Ящик за ящиком, перерытые, летели на пол. Наконец-то, в последнем, нижнем, — тонкий, свёрнутый трубкой пергамент, очень загрязнившийся и незначительный на вид. Совершенно незначительный.
Громкий крик вырвался у Артура. Вспыхнув от нервного волнения, он разложил карту на полу и, встав на колени, стал её рассматривать. Сразу видно было, что старые выработки, чётко показанные на этом плане, тянутся параллельно нижним этажам Дэйка и отстоят от них не более, чем фута на два. Артур всмотрелся ещё внимательнее своими ослабевшими в тюрьме глазами. И различил на полях какие-то маленькие чертежи и расчёты, сделанные рукой отца. Это было последним, окончательным доказательством вины, последней каплей в чаше преступлений.

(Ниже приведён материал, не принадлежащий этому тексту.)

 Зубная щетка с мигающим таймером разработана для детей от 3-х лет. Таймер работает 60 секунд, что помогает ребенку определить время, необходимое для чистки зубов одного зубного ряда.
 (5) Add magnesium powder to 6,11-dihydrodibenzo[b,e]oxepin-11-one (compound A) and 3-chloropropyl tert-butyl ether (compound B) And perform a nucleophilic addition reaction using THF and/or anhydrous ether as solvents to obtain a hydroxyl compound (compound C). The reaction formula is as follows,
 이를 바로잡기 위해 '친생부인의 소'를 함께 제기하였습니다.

Артур поднялся с колен и не спеша свернул план. Все построение этого грандиозного обмана встало теперь перед его измученным взором. Он стоял посреди «священной» комнаты, крепко сжимая в руках план, глаза его горели, с лица ещё не сошла бледность, печать тюрьмы. И словно под влиянием мысли о том, что он, осуждённый, держит в руках доказательство вины отца, словно забавляясь такой парадоксальностью человеческой справедливости, он усмехнулся бледными губами. Приступ истерического смеха потряс его. Ему хотелось все громить, жечь, разрушать; хотелось разорить всю эту комнату, сорвать со стен картины, выбить окна. Он жаждал возмездия и справедливости.
С большим трудом овладев собой, он вышел из кабинета и спустился вниз. В передней остановился, ожидая, устремив глаза на входную дверь. Время от времени он с лихорадочным нетерпением поглядывал на высокие часы в футляре, прислушиваясь к медленному неумолимому ритму уходящих секунд. Но вот он вздрогнул: когда стрелки показывали тридцать пять минут первого, к дому подъехал автомобиль, послышались торопливые шаги. Дверь распахнулась, и в переднюю вошёл его отец. Мгновение полной неподвижности. Глаза отца и сына встретились.

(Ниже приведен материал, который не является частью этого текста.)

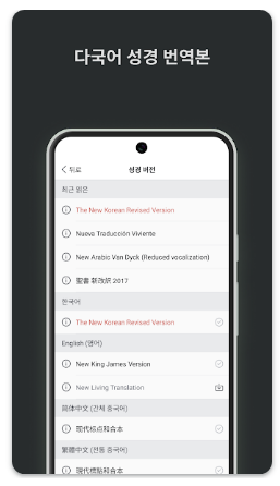 앱에서 성경 번역 종류를 선택할 수 있나요?
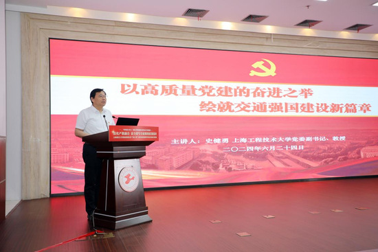 史健勇为毕业生党员讲授专题党课《以高质量党建的奋进之举 绘就交通强国建设新篇章》,并代表学校党委寄语毕业生党员。他指出,在新的征程上,程园学子要心怀“国之大者”,牢记“勤奋、求是、创新、奉献”,践行向下扎根、向阳而生,将“小我”融入“大我”,自觉当好“伟大建党精神”的传承者、弘扬者,做中国式现代化、交通现代化的建设者、推动者,让青春之花绽放在祖国和人民最需要的地方。广大毕业生党员要脚踏实地、久久为功,将习近平新时代中国特色社会主义思想等党的创新理论转化为指导实践的本领,为实现“两个一百年”奋斗目标、实现中华民族伟大复兴共同奋斗!
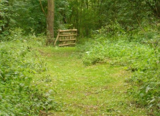 Noord-Zuiddoorgang Vriezenbroek met op achtergrond de koepoort en daarvoor de afslag rechts naar de Broekstraat.
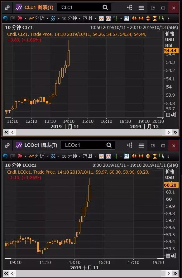 隨著沙特和伊朗接連出現的襲擊事件,中東局勢緊張程度持續升溫,尤其是伊朗和沙特的關系。這無疑對國際油市造成巨大沖擊,不僅危及到了全球的石油供應,還引發了國際原油價格上漲?! ?0月11日北京時間13:30,美國WTI原油、布倫特原油漲逾1%,WTI原油站上54美元/桶,布倫特向上觸及60美元/桶關口,刷新10月1日以來新高。上海原油期貨主力合約大漲4%。截至15時,記者截稿,布倫特原油價格漲幅達2.07%,美國原油價格漲幅1.85%,上海原油期貨價格漲幅3.27%。

У Артура вырвался не то вздох, не то рыдание. Он едва узнал отца. Перемена в Баррасе была просто разительна. Он очень отяжелел, располнел, жёсткие линии его фигуры стали рыхлыми, расплывчатыми. Одутловатые щеки, отвислое брюшко, складка жира над воротником и вместо прежней застывшей уравновешенности — суетливое оживление. Все у него было в движении: руки вертели и перебирали пачку газет; глаза шныряли во все стороны, стараясь увидеть всё, что можно, душа жадно, деятельно отзывалась на все жизненные развлечения, тривиальные и ничтожные. И вдруг разрушительной молнией поразила Артура мысль, что вся эта искусственная деятельность вызвана стремлением утвердить настоящее, отвергнуть прошлое, не думать о будущем; что это — последние результаты разложения.